男と女には違いがある。当たり前だ。では、男と男には違いが存在しないのか? 男というのは全員同じ身長で、同じ年齢で、出身地も、食べ物も、学歴も・・・めんどくさい、とにかくそういったありとあらゆる点で、違いがないなんてことがあるのだろうか? あるわけがない。
ということは、ある男とある男でも違いはあるのだから、違いがあるものを違った扱いをするのは差別ではないことになる。
それだけではない。同じ人同士ですらも違いはある。たとえば、昨日の私と今日の私で、違いがないと思うか? 私の体を形作っている細胞は同じ細胞か? 新陳代謝しなかったか?
なるほど。だが、「違いがないものが存在しない」は言い過ぎだろう。そう思われるかもしれない。話はそれるが、もう少し続けよう。
たとえばデジタルデータはどうか? いくらでも全く同じ形でコピーできるではないか。これなら、全く同じ、違いのないものだと言えるのではないか?
無理だ。
あるデジタルデータは、コンピューターのメモリなりハードディスクなり、何かしらの記憶媒体に記憶される。それらは0と1の羅列で保存されることになるが、その0や1が保存されている物理的な場所は、それぞれに異なる。
あいうえお
あいうえお
この二つは全く同じ文字列なので、全く同じコードで表されるが、この二つの「あいうえお」は別々な場所に領域を持っている。全く同じものではない。
それがCDなりDVDなりに保存されているとすればもっとわかりやすい。同じデータでも、そのデータが記憶されている物体が異なっている。
こういった、「万物は変化する」という考え方は、古代のギリシアからあった。ソクラテスより古い、ヘラクレイトスにも見られる。

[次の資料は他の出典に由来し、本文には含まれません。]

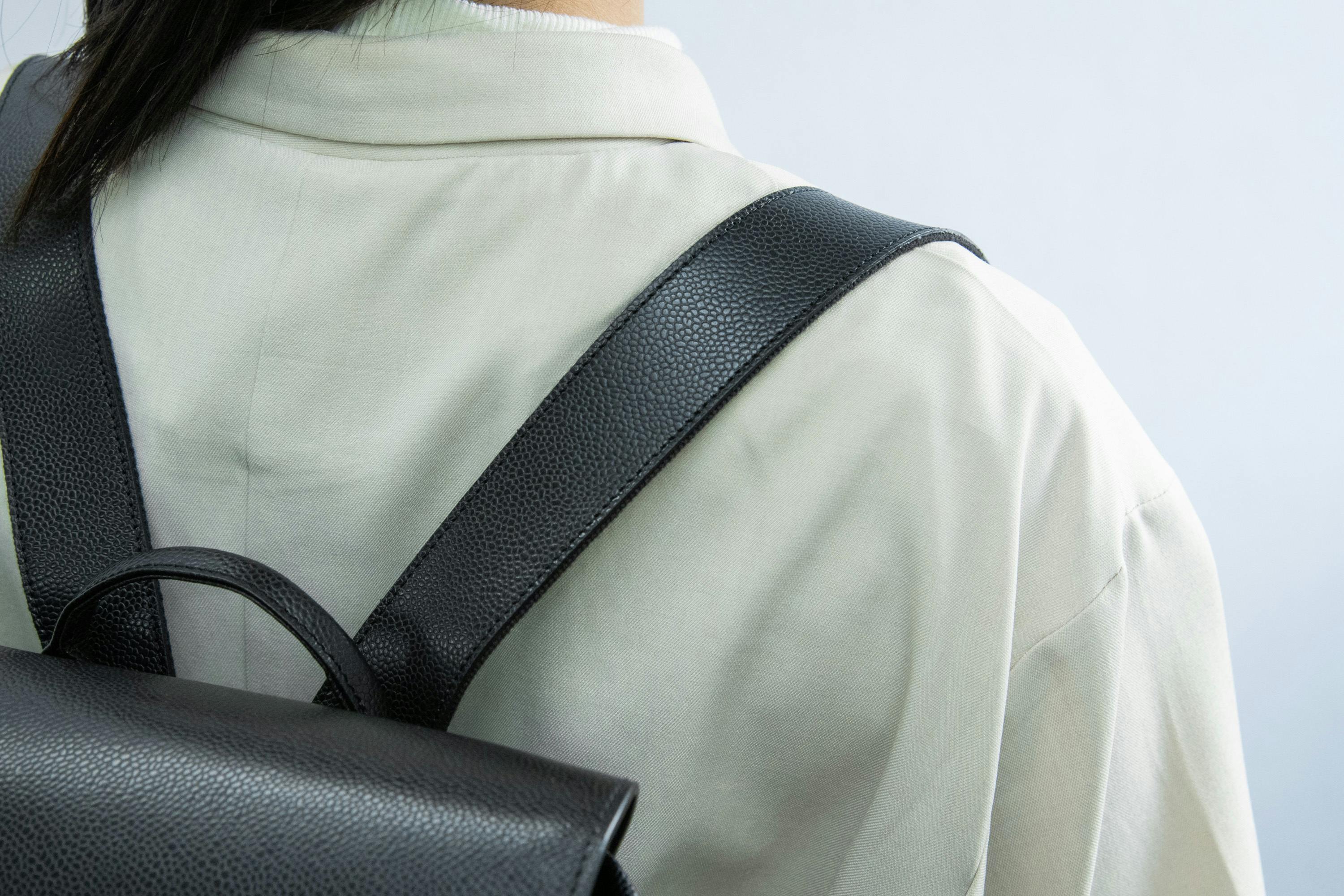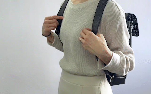 レザーが体を包み込むようなデザインは体にフィットします。リュックが安定し、長時間使用しても疲れにくい設計です。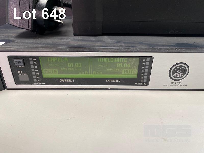 AKG DSR700 V2 DIGITAL WIRELESS STATIONARY RECEIVER WITH 1 x DHT700 HANDHELD MICROPHONE, 1 x DPT700 BODYPACK TRANSMITTER, 1 x LAPEL MICROPHONE, 1 x CU700 CHARGING UNIT & POWER SUPPLY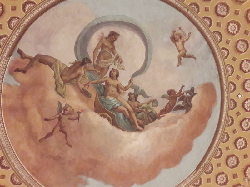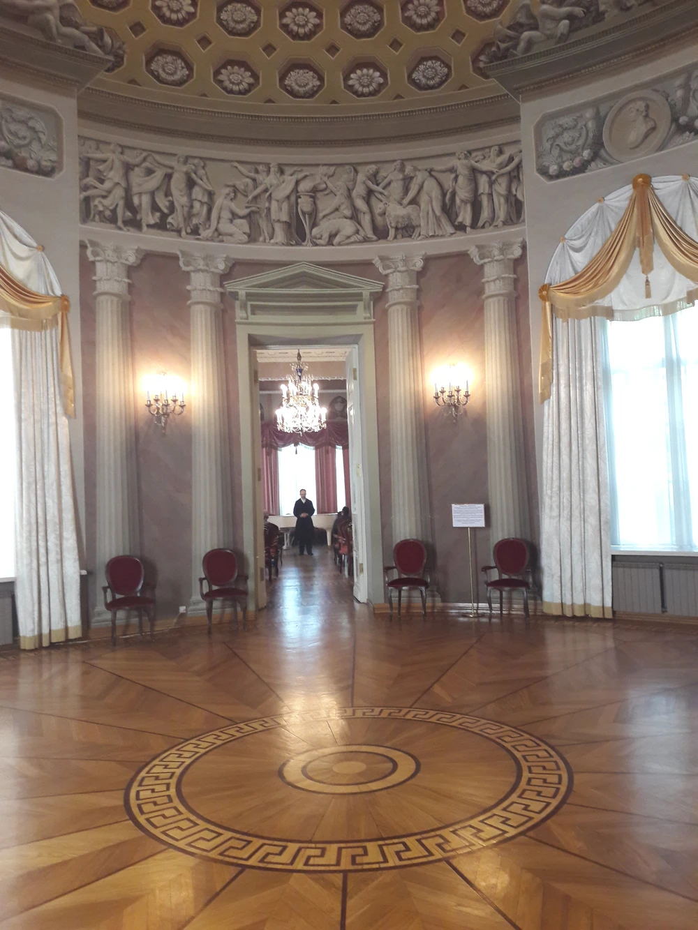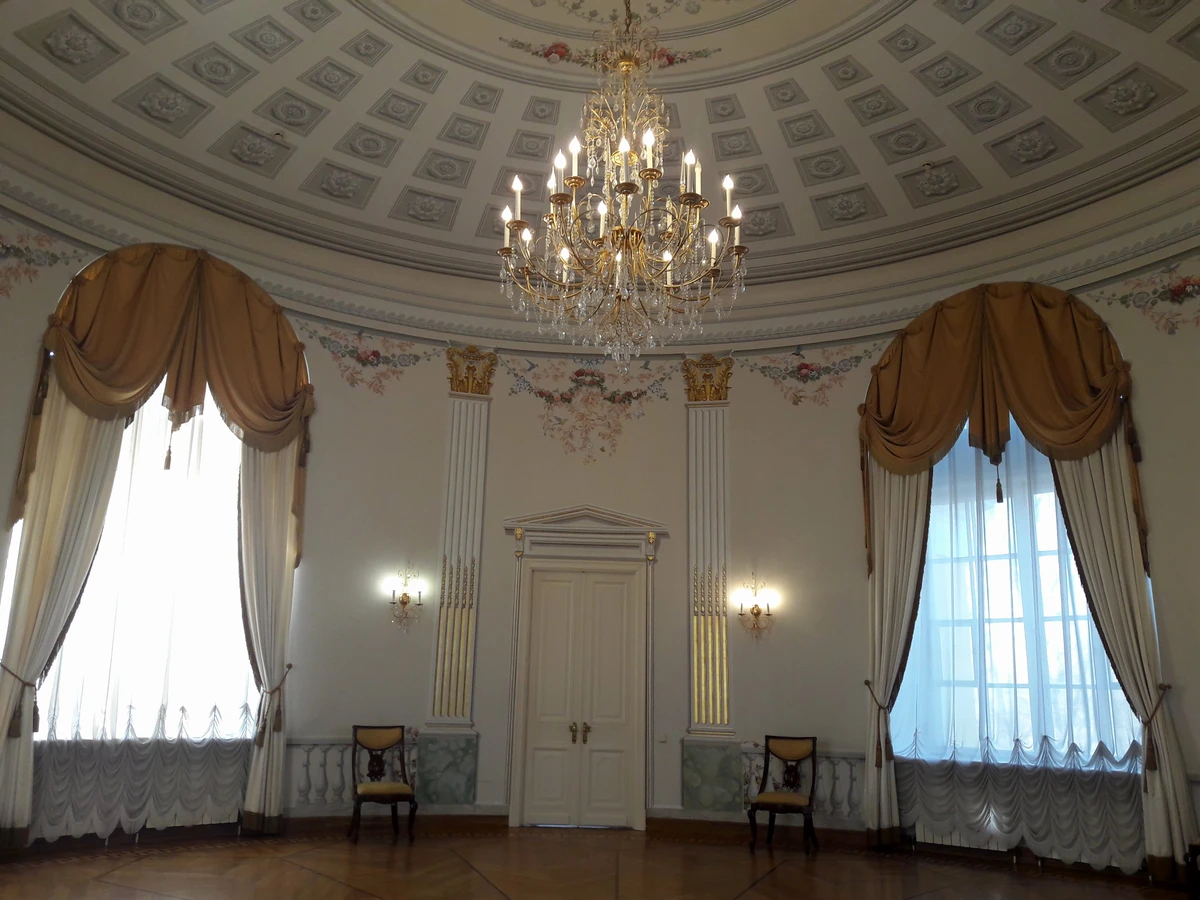 Вы полюбуетесь убранством парадных комнат и представите, какие балы здесь устраивал хозяин. Круглый зал с античными росписями, Мраморный зал для танцев, а также зал с колоннами — но больше всего гостей дворца удивляла театральная сцена с механическими машинами, которые воссоздают звуки дождя, грома и ветра.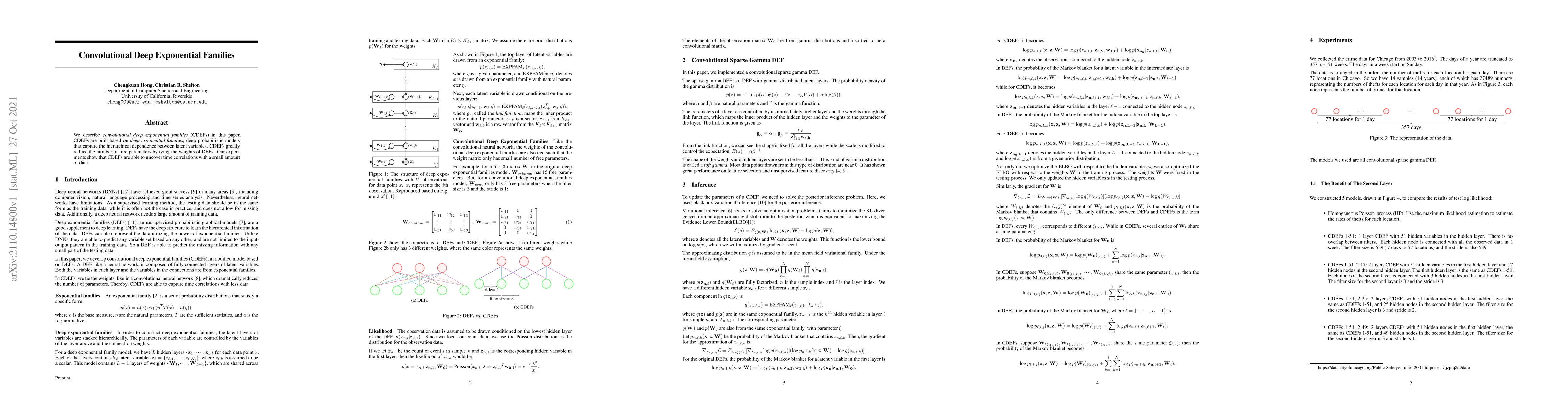 This paper introduces convolutional deep exponential families (CDEFs), which reduce parameters by tying weights in deep exponential families. Experiments demonstrate CDEFs' effectiveness in uncovering time correlations with minimal data.

「同じ川に二度足を踏み入れることはできない」という考え方が理解できる人ならば、私が語った内容も分かるだろう。
もし、違いのないものがあるとすれば、それ自身そのものだ。ある瞬間でのそれ自身と比較するなら、それは確かに違いがないものかもしれない。だがそれは、比較するようなものではないだろう。
違いがあることは、差別をすることを正当化しない
以上により、万物には違いがあるのだから、「違いがあれば差別にならない」ならば、差別は存在しないことになる。が、我々は差別という概念を放棄しようとはしないものだ。「男女差別は差別じゃない」と言っている人たちも、自分が差別される段になれば、「差別だ!」とわめき始めるのだから。
では、どうすると差別なのか? 何であれ、違いのある者達を、どうして同じように扱わなければならないのか?
我々の文化のうち、差別を否定する一派の考え方としては、「その特徴が、劣悪な結果をもたらすことを保証しない場合、その特徴を理由に不利な扱いをすること」が差別として非難される傾向にあるとみている。
たとえば、「大阪は犯罪が多い。つまり、大阪人には犯罪者が多い。だから、大阪人は犯罪者予備軍として扱っていい」というような主張もある。本気でこんなことを言う奴は少数派だろうけども、実際に見かけるから恐ろしい。
しかし、大阪人であるという特徴は、犯罪者になることを保証しない。犯罪者になる大阪人もいれば、ならない大阪人もいる。というかむしろ、ならない人の方が圧倒的に多い。よって、大阪人を犯罪者予備軍として扱うことは、不当な差別と認識される。
たとえ実際に、大阪人とそれ以外との間に、犯罪者になる率に違いがあったとしても、この結論は動かない。
犯罪者の喫煙率がどれほどに高いとしても、喫煙者だから犯罪者になりやすいとみるべきではない。喫煙者を犯罪者予備軍として扱うことも許されない。
さて性差別に話を戻そう。「どうして女は馬鹿なのか」と問う前に、男と女での馬鹿率はどのくらい違いがあるのかと興味は湧くが、ここではそれは問題にならないので脇へ置いておく。仮に女の方が男よりも馬鹿である率が高いとしよう。
しかしながら、今までの例と同様、女であることは馬鹿であることを保証しないのだから、女を馬鹿として扱うことも許されない。結局のところ、利口とか馬鹿というのは、個人が持つ特徴であって、性別という抽象概念が持つ特徴ではない。
たとえば、「女は論理的思考ができない」とも言われる。当然、数学も苦手なはずだ。実際、トップレベルの学生の数学のテストでは、男子の方が成績が良いといわれている。「ほら、男の方が優秀なんだ」と、頭の悪い人は喜ぶだろうが、これはむしろ嘆くべきことだ。喜んでいられるのは、この意味が理解できていない人だ。
「男の方が数学ができるんだ」と思っている人たちのうち、何割くらいが、東大の女子大生よりも数学ができるだろうか? ちなみに、私はできないよ。私は数IIICは全く手をつけていない。2Bまでしか読んだことがない。しかも、Bはベクトルの最初の方だけだ。
IIICの分野の話になったら、私は全くちんぷんかんぷんでついていけないことは間違いない。何だ? 私以外の男は、みんな彼女たちよりも数学が得意なのか? 私だけが特別なのか?
んなわけあるか。
別に東大までいかなくてもいいぞ。もうちょっと下のレベルで比較したっていい。その女子大生が相手なら、すべての男が数学の能力で上回るなどと、本気で思ってるのか?
結局のところ、獲得点の上限や割合、分布などを比較した場合に、男の方が成績がいいという程度の意味でしかない。それでは結局、ある二人の男女のうちどちらが数学ができるかという問いになったら、実際に確かめてみる以外の方法は存在しない。
それはつまり、性差ではなくて、個人差で考えるということだ。